By such an operation, it is possible to properly detect the receiving pulse 42 from the target in a condition where the leakage pulse 41 is cut off, thereby preventing error detection due to leakage so that a distance to a target in a close range may be detected accurately.

A configuration example of the cutoff circuit 36 shown in FIG. 3 or 4 is shown in FIG. 6. R51 to R54 indicate resistor and C51-C52 indicate capacitor. Before a leakage pulse from the demodulation circuit 33 or the baseband amplification circuit 34 is applied to an input terminal (In) of the cutoff circuit 36, a control signal, which is timing information from the pulse generation circuit 11, is input to a control terminal (Cont), so that the cutoff circuit controls a gate terminal (G) of an FET to cut off the FET. In a cutoff state, an electrical signal from a source terminal (S) to a drain terminal (D) of the FET is cut off, so that the leakage pulse is not transferred.

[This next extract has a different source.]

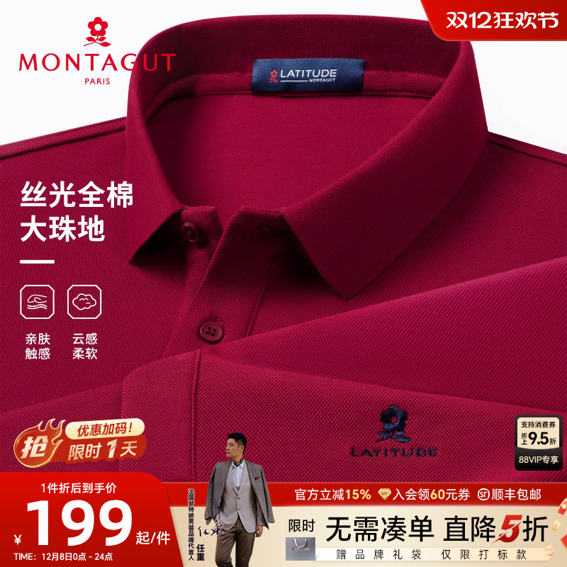 [100%长绒棉]梦特娇男士长袖Polo衫翻领春秋丝光纯棉T恤爸爸婚宴J

If a receiving pulse from a target at a minimum detectable distance reaches the input terminal (In), the FET comes back to the conductive state, so that the receiving pulse is transferred from the source terminal (S) to the drain terminal (D) of the FET and output from an output terminal (Out) to the baseband amplification circuit 34 or the signal processing circuit 35.

Although the present embodiment has used a GaAs-HEMT to constitute a main component of the cutoff circuit 36, the cutoff circuit can be constituted similarly using an MOS-FET or a silicon-made bipolar transistor.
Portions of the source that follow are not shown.